What we did not see was:
- tech companies so big, so global they would exceed government's ability to pursue
- the power of global scope corporations to control elections by the vast monies they can deploy
- the rise of the ignorant and angry
- the failure of amity and cooperation in governments
- the rise of Russia again and China becoming the worlds coming world power
- management for corporations that is more 'burns and get out with $$$' rather than 'manage as if going concern'
- the potential threats of A.I., of broadcast our presence to the cosmos, and tech like nanites and genetic engineering
- the impact the ubiquity of the net has had on kids - cyberbullying, anxiety when removed from their phones, huge social pressures, access to lots of inappropriate messaging that are not age appropriate
- massive problems with cracking, ransomware, state-sponsored cyberattacks on infrastructure (and hospitals)
So, I mention that just to say that we looked to the future in the late 80s/early 90s, we were optimistic. We recognized some of the good that could be done, but missed most of the problems. We also missed timelines and many developments we didn't see coming. And some of those have the potential to change how fast advancements occur in the future (national siloing of knowledge, possible near term armed conlficts that could go global, many scientific and commercial enterprises have taken what used to be free or citizen provided knowledge and put them behind paywalls, etc).
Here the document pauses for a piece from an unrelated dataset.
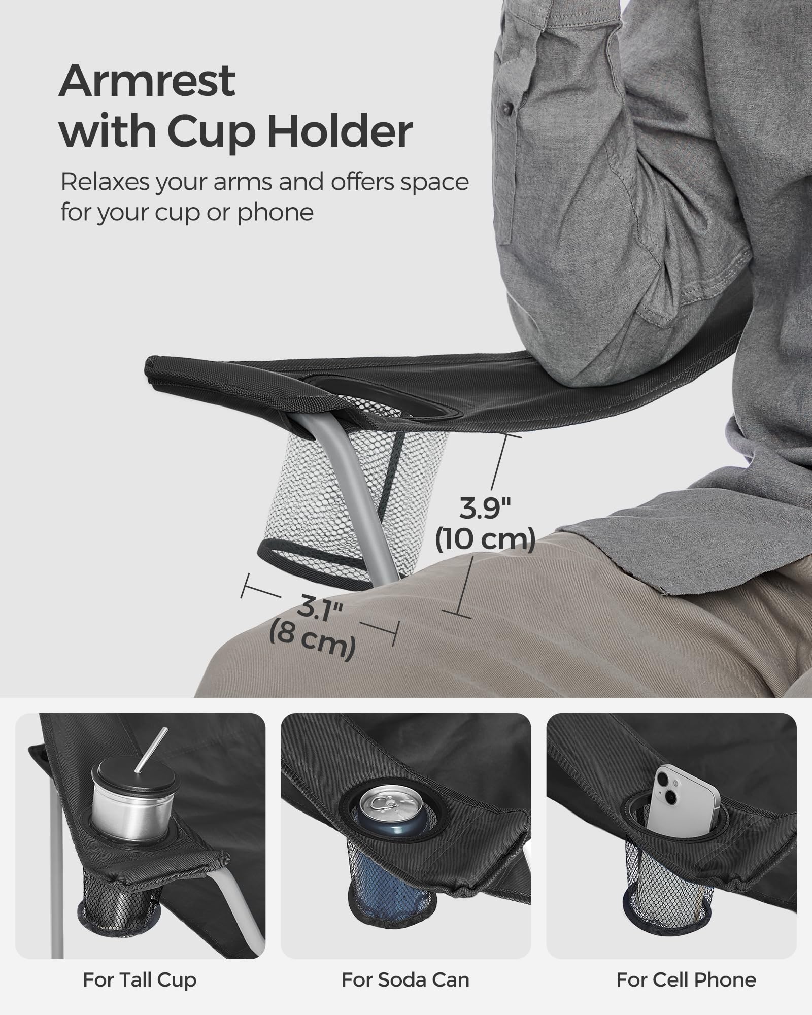 SONGMICS 2 Pack Folding Camping Chairs, Load 330 lb, Cup Holder and High Backrest, Heavy-Duty Structure, for Lawn, Garden, Fishing, Terrace, Black UGCB08BK

Think about my grandfather (gone now) who lived 1898 to 1989. He saw the coming of radio, TV, computers, automobiles, space travel, cures and treatments for many things. That's all to the good. But he saw two world wars (fought in one), nuclear weapons developed and deployed, the cold war, environmental issues rising, etc. Much has changed, but if we look at the situtation on the Russian border now, it looks a lot like before 1939's invasion of Poland.
It's quite easy to think that our fast-advancements are a sign of an amazing future, but it may well be we are more 'Elysium' with the rich living in gated habitats while the world is a poor favella because labour isn't worth much. If that happens, we'll be having a lot less scientific progress at least as long as that exists.